Original Effective Date: 01/01/12

Reviewed: 11/09/16

Revised: 12/15/16

Subject: Sunitinib Malate (Sutent®) Capsules

THIS MEDICAL COVERAGE GUIDELINE IS NOT AN AUTHORIZATION, CERTIFICATION, EXPLANATION OF BENEFITS, OR A GUARANTEE OF PAYMENT, NOR DOES IT SUBSTITUTE FOR OR CONSTITUTE MEDICAL ADVICE. ALL MEDICAL DECISIONS ARE SOLELY THE RESPONSIBILITY OF THE PATIENT AND PHYSICIAN. BENEFITS ARE DETERMINED BY THE GROUP CONTRACT, MEMBER BENEFIT BOOKLET, AND/OR INDIVIDUAL SUBSCRIBER CERTIFICATE IN EFFECT AT THE TIME SERVICES WERE RENDERED. THIS MEDICAL COVERAGE GUIDELINE APPLIES TO ALL LINES OF BUSINESS UNLESS OTHERWISE NOTED IN THE PROGRAM EXCEPTIONS SECTION.

           
Position Statement Dosage/ Administration Billing/Coding Reimbursement Program Exceptions Definitions
           
Related Guidelines Other References Updates  
           

DESCRIPTION:

Sunitinib (Sutent®) is an oral multikinase inhibitor that acts by inhibiting tumor growth and disrupting tumor microvasculature through antiproliferative, anti-angiogenic and proapoptotic effects. It exerts these effects via inhibition of multiple targets including vascular endothelial growth factor receptor (VEGFR) tyrosine kinases; VEGFR-1, VEGRF-2, VEGRF-3 and platelet-derived growth factor receptor beta. In 2006, the Food and Drug Administration (FDA) approved sunitinib for the treatment of advanced renal cell carcinoma and treatment of gastrointestinal stromal tumor after disease progression on or intolerance to imatinib (Gleevec). In May 2011, sunitinib was FDA-approved for the treatment of progressive, well-differentiated pancreatic neuroendocrine tumors in adults with unresectable locally advanced or metastatic disease.

POSITION STATEMENT:

Comparative Effectiveness

The Food and Drug Administration has deemed the drug(s) or biological product(s) in this coverage policy to be appropriate for self-administration or administration by a caregiver (i.e., not a healthcare professional). Therefore, coverage (i.e., administration) in a provider-administered setting such as an outpatient hospital, ambulatory surgical suite, physician office, or emergency facility is not considered medically necessary.

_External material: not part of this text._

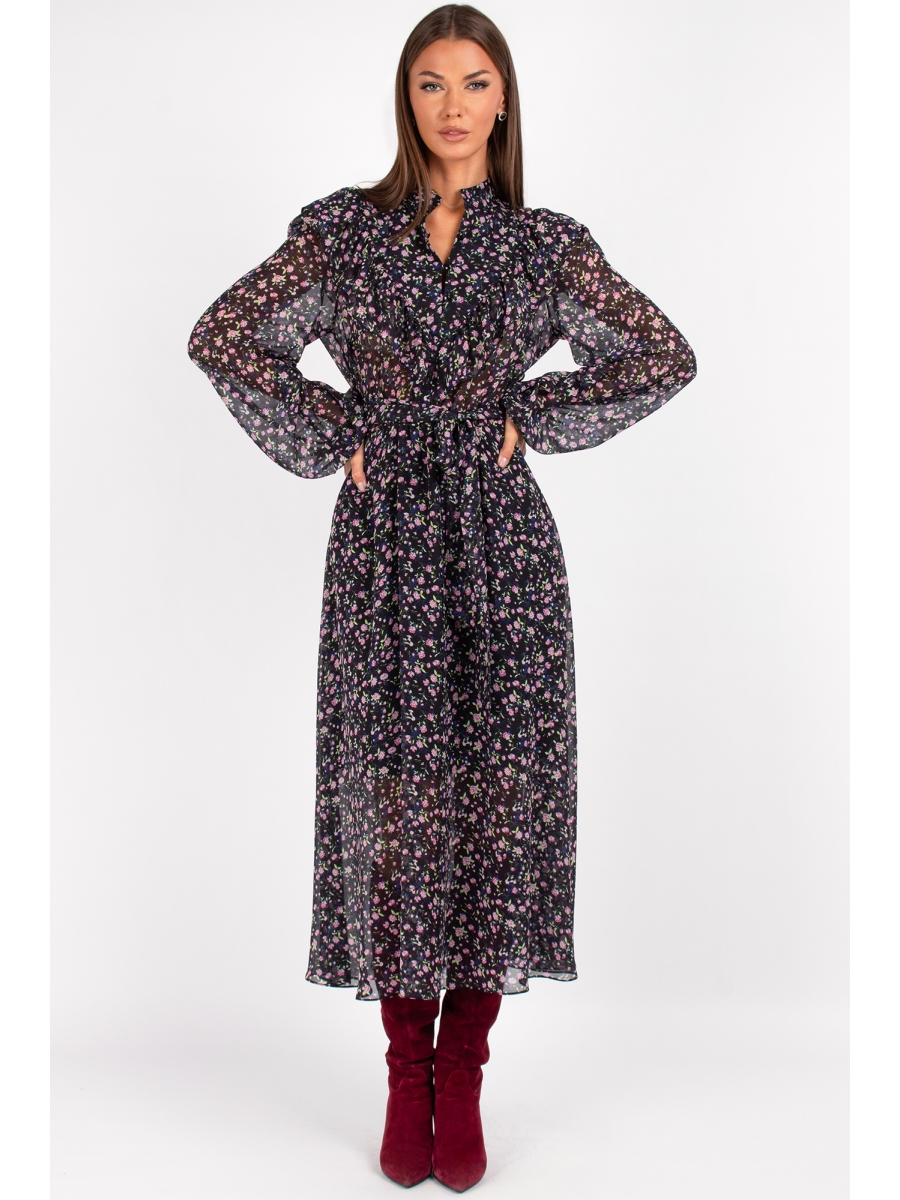 Передняя часть платья с нагрудными вытачками, швом посередине, с кокеткой и вставленной в нее рюшей. Перед с застежкой на 3 навесные петли и пуговицы. Спинка с рельефом. В рельефы вставлена рюша, переходящая с переда. Юбка платья - полусолнце на подкладке. Рукав втачной одношовный со сборкой у оката. Низ рукава на резинке. Воротник - стойка. По талии завязывающейся пояс.

I. Initiation of sunitinib (Sutent) meets the definition of medical necessity when the dose does not exceed 50 mg once daily* using the fewest number of capsules, it is administered for an indication in Table 1, and all of the indication specific criteria are met:

Table 1

Indication

Specific Criteria

Chordoma

Sunitinib will be used as a single agent for the treatment of recurrent chordoma

Kidney cancer*

When used as a single agent in member’s with relapsed or surgically unresectable stage IV disease meeting ONE of the following:

1. Sunitinib is used as first line or subsequent therapy for disease with predominant clear cell histology

2. Sunitinib is used for treatment of disease with non-clear cell histology

Lung neuroendocrine tumor

When ONE of the following are met:

1. Member has stage IIIb low- or intermediate-grade neuroendocrine tumor

2. Member has stage IV low- or intermediate-grade neuroendocrine tumor

Pancreatic neuroendocrine tumor (pNET)*

When used as a single agent in member’s with unresectable locoregional or distant metastatic disease and ONE of the following:

1. Progressive disease

2. Symptomatic disease

3. Significant tumor burden

Soft tissue sarcoma:

Alveolar soft part sarcoma

Angiosarcoma

Gastrointestinal stromal tumor (GIST)*

Solitary Fibrous Tumor/Hemangiopericytoma

Sunitinib is used as a single agent and will be used to treat ONE of the following:

1. Alveolar soft part sarcoma

2. Angiosarcoma

3. Gastrointestinal stromal tumor (GIST) in member’s who had disease progression on or intolerable side effects to imatinib (Gleevec)

4. Solitary Fibrous Tumor/Hemangiopericytoma

Thymic carcinoma

Sunitinib is used as a single agent as second-line therapy

Thyroid cancer:

Follicular carcinoma

Hurthle cell carcinoma

Papillary carcinoma

Medullary carcinoma

When the member meets all criteria for treatment of ONE of the following:

1. Follicular carcinoma, Hurthle cell carcinoma, or Papillary carcinoma of the thyroid when used as a single agent for iodine-refractory symptomatic or progressive disease classified as ONE of the following:

a. Unresectable locoregional disease that is recurrent or persistent

b. Distant metastatic disease

2. Medullary carcinoma of the thyroid when used as a single agent for progressive or symptomatic distant metastatic disease and member meets ONE of the following:

a. Disease is refractory to vandetanib (Caprelsa) or cabozantinib (Cometriq)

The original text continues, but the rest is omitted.